# Reptile radiator/Ceramic heater



## Moodie (Aug 3, 2008)

I'm thinking about using a reptile rad instead of the ceramic for my retics new viv. Its a Viv-exotic 4x2x2, I'm wondering if this is gonna be better for the snake? I think it will make the viv look better and hope the heat will travel better and disperse more evenly. Is the best stat to use a pulse? Does the radiator have to be mounted on the underside of the roof or on the side, or either?

Any other thoughts or experiences?

: victory:


----------



## Moodie (Aug 3, 2008)

And another thought, how do these compare to AHS heaters or are they the same thing?


----------



## Skeet (Nov 25, 2010)

Moodie said:


> I'm thinking about using a reptile rad instead of the ceramic for my retics new viv. Its a Viv-exotic 4x2x2, I'm wondering if this is gonna be better for the snake? I think it will make the viv look better and hope the heat will travel better and disperse more evenly. Is the best stat to use a pulse? Does the radiator have to be mounted on the underside of the roof or on the side, or either?
> 
> Any other thoughts or experiences?
> 
> : victory:


Rep Rads are great...I have one in my 3ft VivExotic VX, running on a pulse stat.

They fix to the roof and are designed to provide a hotspot and to generally heat the viv, do not need to be guarded and have a very low profile.

They are 12 inches long. You might want two (you definitely would for a larger viv when the snake is older).

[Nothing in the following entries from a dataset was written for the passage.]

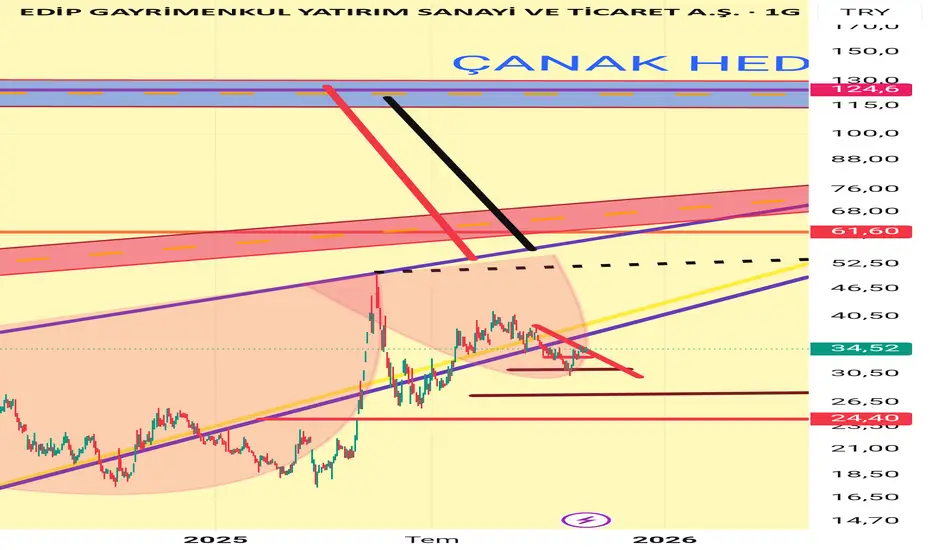 Faizlerin düşmesi ile birlikte Gayrimenkul yatırım ortaklığı hissselerine ilginin daha da artacağını düşünüyorum.Edip gayrimenkul firmasının da PD/DD değerine bakıldığında 0.38 olduğunu ve fiyatinin göreceli ucuz kaldığını net bir şekilde gorebiliriz. Çanak tamamlanmış ve kulpun da tamamlanma sürecinde oldgunu görmekteyiz.Onumuzde ki süreçte 60 TL lerin üzerinde 2 günlük kapanış çanak hedefi olan 124 TL lere fiyatı taşıyabilir.Fiyat hedefe ulaşmasının ardından olası düzeltmeler de kırmızı kanal takip edilebilir.İlgili kırmızı kanal haftalikta düşen dirence denk gelmektedir.İlgili analiz tamamen hayal ürünü olup kesinlikle yatırım tavsiyesi değildir.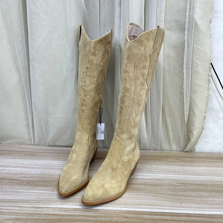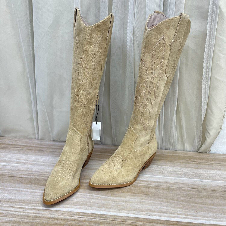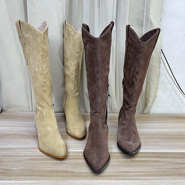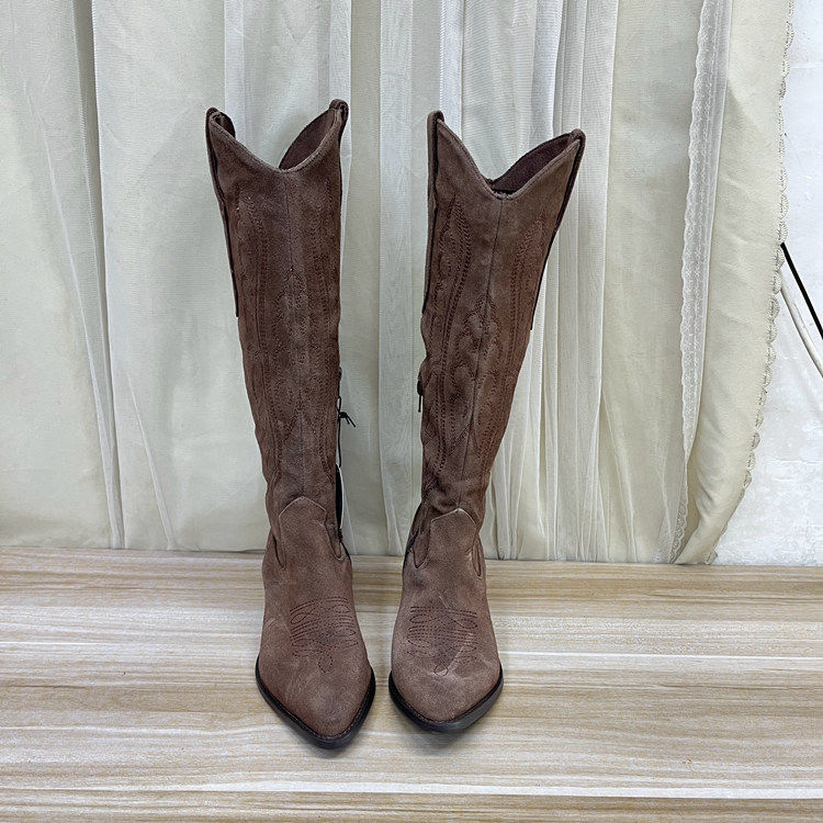 Lady Shoes外贸原单女靴真皮微瑕时尚尖头纯色粗跟侧拉链时装长靴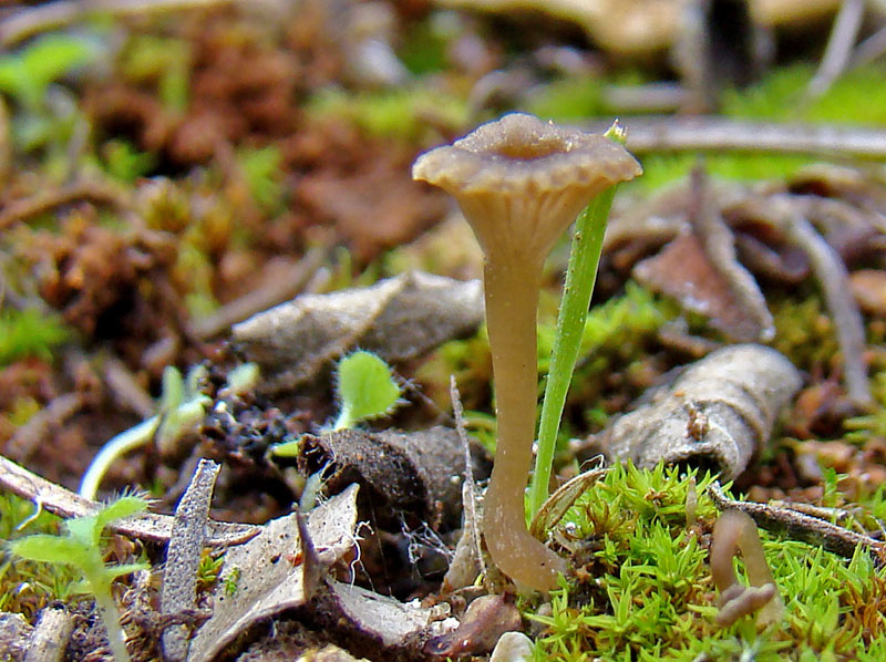 La Arrhenia rickenii, es una minuscula seta de unos o.5 mm. de diametro y 1 cm. de altura, laminas decurrentes y cuticula embudada

AHS heaters are a combined ceramic heater and stat (possibly with a fan in them?) and use more power but, are more powerful, if you see what I mean. Rads use a maximum of 75W.










This is my one, prior to snake going in. Looking up at quite an angle in order to see it.


----------



## Moodie (Aug 3, 2008)

Skeet said:


> Rep Rads are great...I have one in my 3ft VivExotic VX, running on a pulse stat.
> 
> They fix to the roof and are designed to provide a hotspot and to generally heat the viv, do not need to be guarded and have a very low profile.
> 
> ...


 That looks really smart. I dont like having to see things hanging from the roof of the viv so I'm hoping to hide the heater and lighting. Is your stat probe on the ground?


----------



## Moodie (Aug 3, 2008)

cheeky bump for any other opinions???? AHS or rep rad?


----------



## lamby (Apr 14, 2010)

I would go AHS as the rep rad is only 75wats so would struggle to heat a 4ft+ viv but maybe ok to keep the ambient temps.


----------



## Diamondback (Aug 29, 2009)

I use both AHS and the reptile radiators, both work fine, however for a 4ft+ viv the radiator will be to small. I tried it and could not maintain the temps required with only 75w radiator. Its a shame they dont make them with higher wattage. 

For my 4x2x2ft beardie vivs I use 350w AHS heaters these work great in keeping the ambient temps correct day and night and I have them mounted on the roof of the viv out of the way. I also have a 250w in my royal viv (3ft) for night use only if the room temperature drops to low. 

The trick with AHS heaters is to by one that is more than you need and then they pulse better giving you control and efficiency. If you buy one that can just about cope it will always be on and then is not as efficient.

Hope this helps.


----------



## Moodie (Aug 3, 2008)

Diamondback said:


> I use both AHS and the reptile radiators, both work fine, however for a 4ft+ viv the radiator will be to small. I tried it and could not maintain the temps required with only 75w radiator. Its a shame they dont make them with higher wattage.
> 
> For my 4x2x2ft beardie vivs I use 350w AHS heaters these work great in keeping the ambient temps correct day and night and I have them mounted on the roof of the viv out of the way. I also have a 250w in my royal viv (3ft) for night use only if the room temperature drops to low.
> 
> ...


Very helpful, thanks! So would I be looking for a 350w then?


----------



## Skeet (Nov 25, 2010)

Moodie said:


> That looks really smart. I dont like having to see things hanging from the roof of the viv so I'm hoping to hide the heater and lighting. Is your stat probe on the ground?


Laying on top of the substrate next to the hot hide, almost under the centre of the Rad.


----------